Now, I'm painfully aware that America's economic woes are far from over and
that it will be several months before the world's strongest nation gets back
on its feet. However, unlike some other analysts, I don't foresee a total collapse
in the near-future. In my view, what is more likely is that the US economy
will muddle through for another year and we'll probably see a short-lived recovery
thereafter. Already, certain leading economic indicators are showing signs
of bottoming out and it seems that the worst may be over.
Make no mistake, America's establishment has elected to postpone judgement
day by using taxpayers' money. Rather than letting the system clear itself
out now, Mr. Obama has intervened in the free-market system by nationalising
the banks' losses. Furthermore, Mr. Bernanke has used various tools in order
to bail-out the banking system.

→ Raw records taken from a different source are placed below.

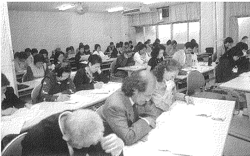
議案書に目を通す代議員・役員のみなさん

転車問題としてシールの外部流出や玄関ドア塗装について、エントランスホールでの引越業者の車両問題等意見が出されました。総会終了後すぐに機構へ要望を出し問題の解決にむけ話し合いが行われていまして、四月には住宅政策関連法に対する国会議員への要請行動、五月には衆院国土交通委員会での法案審議の傍聴に代表が参加しました。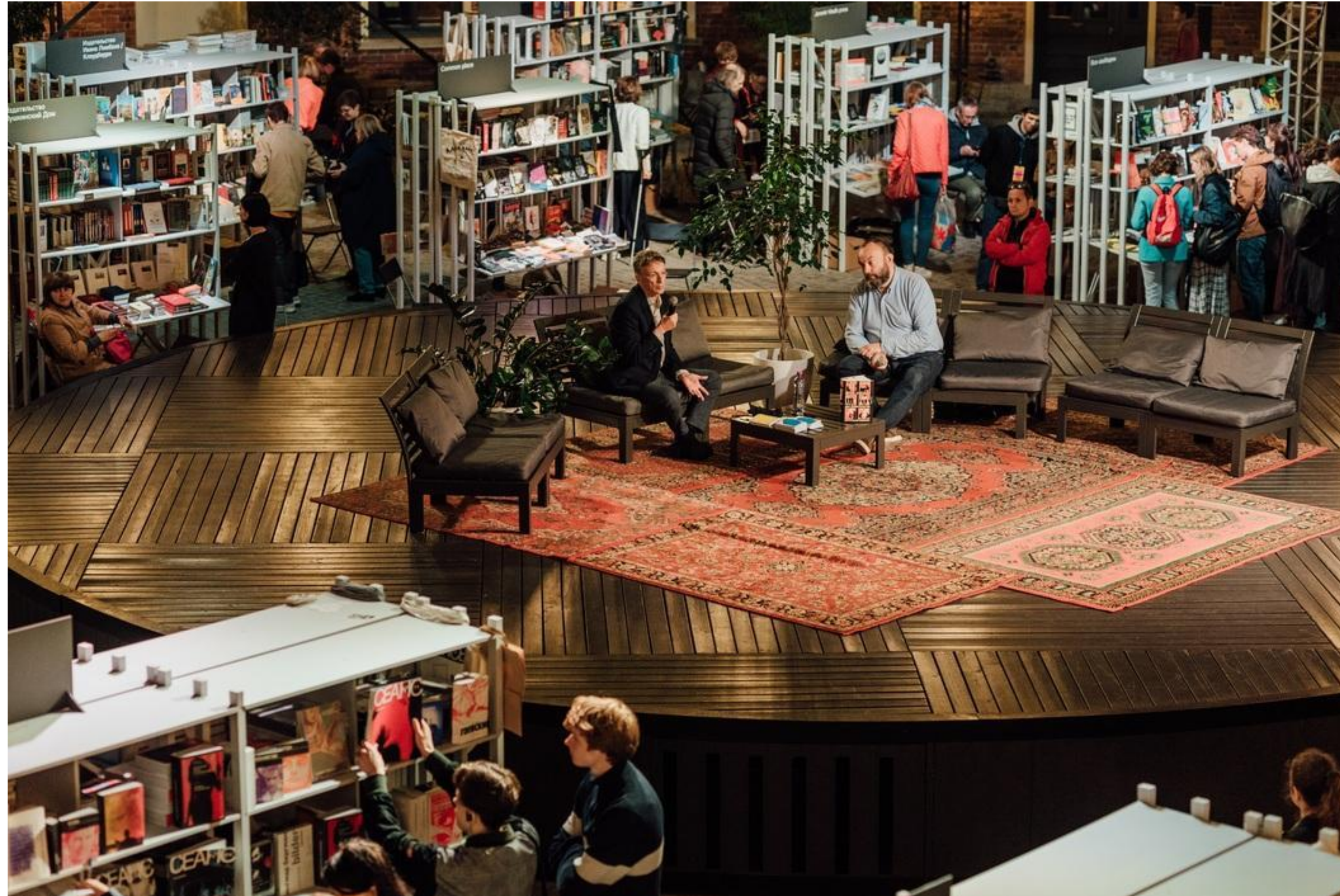
Публичная беседа Юрия Слезкина («Дом правительства», 2017) и Бориса Куприянова («Фаланстер», Gorky.media), Новая Голландия, книжный фестиваль «Ревизия», 6 сентября 2019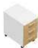
Complément 8 Dim : L. 40 x P. 60 cm

Retrouvez toutes les finitions disponibles de cette gamme sur www.spaceplanning.fr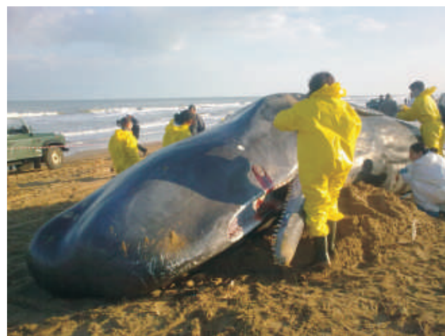
La fine della fine...

First, he dropped the Fed Funds Rate to almost
zero and when that wasn't enough, Mr. Bernanke injected huge amounts of money
into America's banking system. It is shocking to note that over the past year,
America's monetary base has more than doubled from US$800 billion to roughly
US$1.6 trillion (Figure 1)! Finally, Mr. Bernanke recently announced the Federal
Reserve's intention of monetising debt by buying US Treasuries from newly created
money.
Figure 1: Mr. Bernanke in action!

Source: Federal Reserve Bank of St. Louis
All of these measures may have averted short-term disaster, but all that has
happened is that the underlying problems have been postponed into the
future. By following the above short-sighted and misguided policies, American
leaders have decided to burden their children and grandchildren with even greater
quantities of debt.
It is my observation that the American establishment's prime motive is to
prop-up asset markets; never mind that such an objective will incur a massive
cost to the American society. Let there be no doubt that by printing money,
running massive deficits and increasing the national debt, American leaders
are debasing their currency and setting the stage whereby foreigners will end
up owning a large chunk of corporate America.
There is no doubt in my mind that over the following years, we will witness
a massive shift of wealth and power from the West to the East. Over the past
few decades, American companies were at the top of their game and they infiltrated
the whole world. Now, it is probable that over the coming decade or two, we
will see more and more foreign companies and governments increasing their stakes
in American corporations.
In summary, the recent policy measures (monetary and fiscal easing accompanied
by the nationalisation of private losses) adopted by the US government may
have succeeded in stabilising the economy and supporting asset prices in the
near-term, but the end result will be a significantly weaker US Dollar
and very high inflation.
Courtesy of the global stimulus, the price of precious metals and other tangibles
should appreciate over the following years. However, over the short-term, if
seasonal trends remain intact, gold is likely to correct over the summer months.
Same applies to other precious metals. Therefore, nimble traders may want to
sell out of bullion with the intention of buying back in a few weeks time.
Long-term investors should ignore the action and simply go for a nice summer
holiday. Precious metals mining stocks have a tendency to fall sharply over
the summer so wait for a pullback before investing additional funds.